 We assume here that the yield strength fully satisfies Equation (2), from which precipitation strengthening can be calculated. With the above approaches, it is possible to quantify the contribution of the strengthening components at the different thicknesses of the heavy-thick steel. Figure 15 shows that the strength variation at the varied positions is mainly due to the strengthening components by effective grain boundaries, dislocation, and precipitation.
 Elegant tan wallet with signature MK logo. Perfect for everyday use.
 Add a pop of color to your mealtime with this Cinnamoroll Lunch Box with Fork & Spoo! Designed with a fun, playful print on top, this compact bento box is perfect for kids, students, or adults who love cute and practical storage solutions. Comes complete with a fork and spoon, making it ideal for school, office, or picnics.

+--

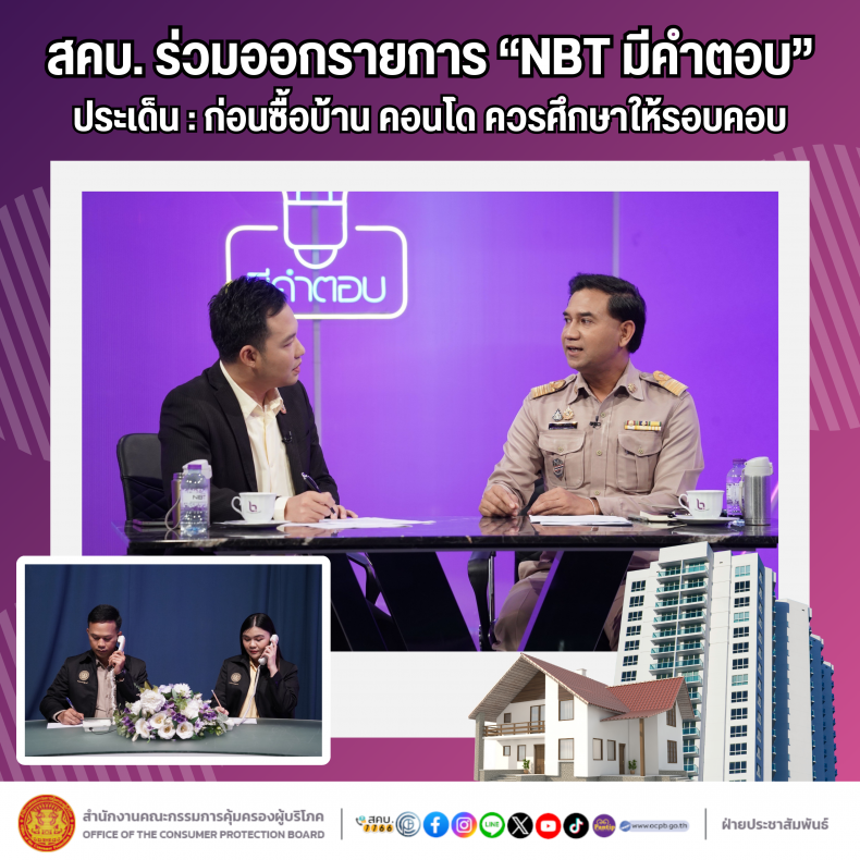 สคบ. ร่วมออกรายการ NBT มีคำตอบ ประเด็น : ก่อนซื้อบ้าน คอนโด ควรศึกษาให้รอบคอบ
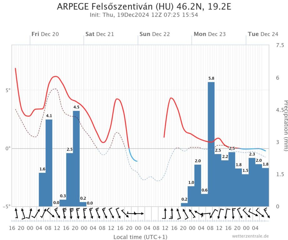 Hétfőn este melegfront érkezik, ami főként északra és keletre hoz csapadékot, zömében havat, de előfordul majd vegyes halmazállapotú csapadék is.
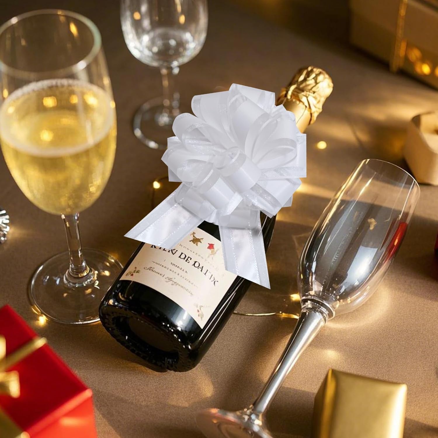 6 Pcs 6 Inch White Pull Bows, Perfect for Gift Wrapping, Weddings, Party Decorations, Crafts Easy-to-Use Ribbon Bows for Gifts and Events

+--

### Your goal
Return exactly the lines that appear in the data above between the line containing "สคบ. ร่วมออกรายการ NBT" and the line containing "6 Pcs 6 Inch", both of which are included, and leave the pictures out.

### Worked solution
 สคบ. ร่วมออกรายการ NBT มีคำตอบ ประเด็น : ก่อนซื้อบ้าน คอนโด ควรศึกษาให้รอบคอบ
 Hétfőn este melegfront érkezik, ami főként északra és keletre hoz csapadékot, zömében havat, de előfordul majd vegyes halmazállapotú csapadék is.
 6 Pcs 6 Inch White Pull Bows, Perfect for Gift Wrapping, Weddings, Party Decorations, Crafts Easy-to-Use Ribbon Bows for Gifts and Events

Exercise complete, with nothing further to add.